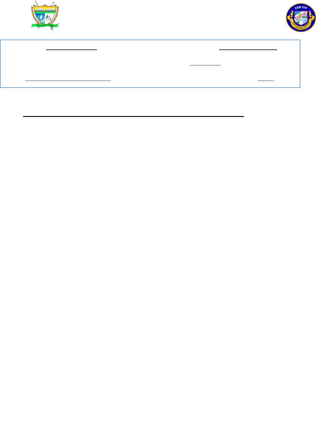 GOVERNO DO ESTADO RORAIMA “Amazônia, Patrimônio dos Brasileiros.” COLÉGIO ESTADUAL MILITARIZADO CÍCERO VIEIRA NETO CEM XVI CADERNO DE PROVA AVALIAÇÃO BIMESTRAL - LÍNGUA PORTUGUESA (50 PONTOS) 01. Fale sobre o Quinhentismo: __________________________________________________________ __________________________________________________________ __________________________________________________________ _________________________________________________________ . 02. Escreva 3 palavras com cada radical: bon---------pat----------------- __________________________________________________________ _________________________________________________________ 03. O que é adjetivo Ɂ __________________________________________________________ __________________________________________________________ __________________________________________________________ _________________________________________________________ 04. Escreva 5 substantivos próprios e 5 substantivos comuns Ɂ _______________________________________________________ __________________________________________________________ __________________________________________________________ __________________________________________________________ 05. Quais os artigos da língua portuguesa Ɂ _______________________________________________________ _______________________________________________________ 06. Qual a primeira literatura produzida no Brasil Ɂ __________________________________________________________ ________________________________________________________ 07. Complete as frases com os adjetivos: João é____________________________________ Professor (a): Ana Rosa Cabral Componente Curricular; Língua Portuguesa Aluno:______________________________________ Período: 11/2022. Etapa: 1º Ano EJA do Ensino Médio Turma: 01 Turno: Vespertino_ Ano Letivo 2022. Os alunos são______________________________________ As crianças são__________________________________________ . 08. O que foi o arcadismo Ɂ __________________________________________________________ __________________________________________________________ __________________________________________________________ _________________________________________________________ 09. Escreva os principais pronomes: ________________________________________________________ __________________________________________________________ __________________________________________________________ __________________________________________________________ 10. Escreva 5 interjeições: ________________________________________________________ __________________________________________________________ __________________________________________________________ __________________________________________________________
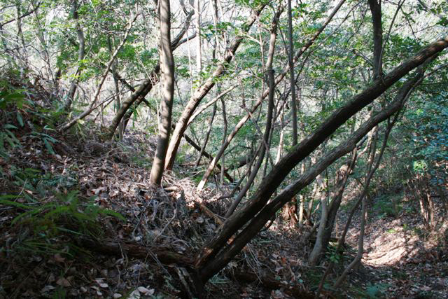 ![]() 下樵りされていない隣の領域。 下樵りした場所も当初はこのような状態だった。 |
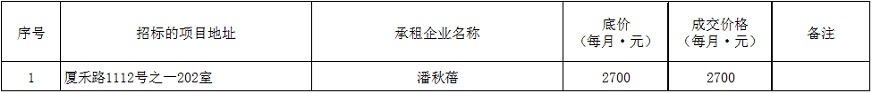 根據(jù)思明區(qū)國有企業(yè)資產(chǎn)出租管理的相關(guān)制度,我司2019年7月5日上午9:00起于觀音山營運中心2號樓2層2號會議室進(jìn)行公開招租現(xiàn)場開標(biāo),現(xiàn)通過思明控股網(wǎng)站對外發(fā)布成交公告,內(nèi)容如下:
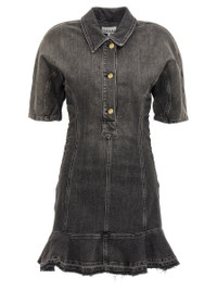 'Tint Edge' dress in stretch cotton denim with button neckline, short sleeves, tight and curled at the waist, frayed flounced hem Gender: Women Material: 99% COTTON, 1% ELASTANE Color: Black Made in: TR Product ID: J1539006 *Import tax/duty will be calculated at checkout (If applicable)
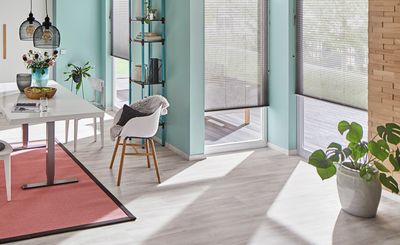 Pleated blinds are one of the most versatile blind systems available since they come in a wide range of shapes and operating methods. They are lightweight, easy to operate and are fitted close to the window for maximum heat control. When the blinds are open, the minimum stacking area allows for maximum visibility. We offer a wide range of plain, patterned and energy-efficient fabrics to complement your windows.
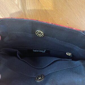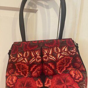Colorful Red Floral purse by Pineda Covalin Mexico designer. In great shape. Snap closure, zipper inside pocket and open pocket. Over the shoulder bag.
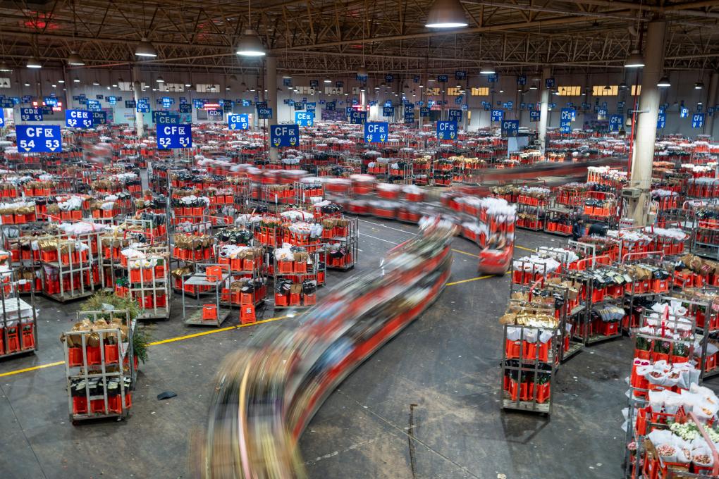 台车在昆明国际花卉拍卖交易中心运输鲜花(资料照片)。新华社记者 陈欣波 摄
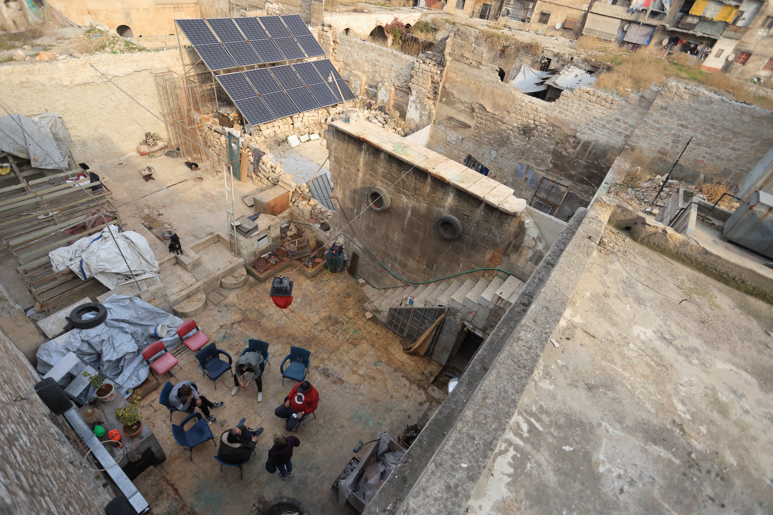 由於供電依然吃緊,阿勒坡許多街區入夜後漆黑一片,少數商家只能靠白天用太陽能板存下的電力,勉力在夜間持續運作。

※ ※ ※

# Task to complete
The lines to restate word for word run from the line that contains "checkout (If applicable)" through the end of the entries above, both ends included. Leave out all pictures and write nothing else.

# Problem solution
 'Tint Edge' dress in stretch cotton denim with button neckline, short sleeves, tight and curled at the waist, frayed flounced hem Gender: Women Material: 99% COTTON, 1% ELASTANE Color: Black Made in: TR Product ID: J1539006 *Import tax/duty will be calculated at checkout (If applicable)
 Pleated blinds are one of the most versatile blind systems available since they come in a wide range of shapes and operating methods. They are lightweight, easy to operate and are fitted close to the window for maximum heat control. When the blinds are open, the minimum stacking area allows for maximum visibility. We offer a wide range of plain, patterned and energy-efficient fabrics to complement your windows.
Colorful Red Floral purse by Pineda Covalin Mexico designer. In great shape. Snap closure, zipper inside pocket and open pocket. Over the shoulder bag.
 台车在昆明国际花卉拍卖交易中心运输鲜花(资料照片)。新华社记者 陈欣波 摄
 由於供電依然吃緊,阿勒坡許多街區入夜後漆黑一片,少數商家只能靠白天用太陽能板存下的電力,勉力在夜間持續運作。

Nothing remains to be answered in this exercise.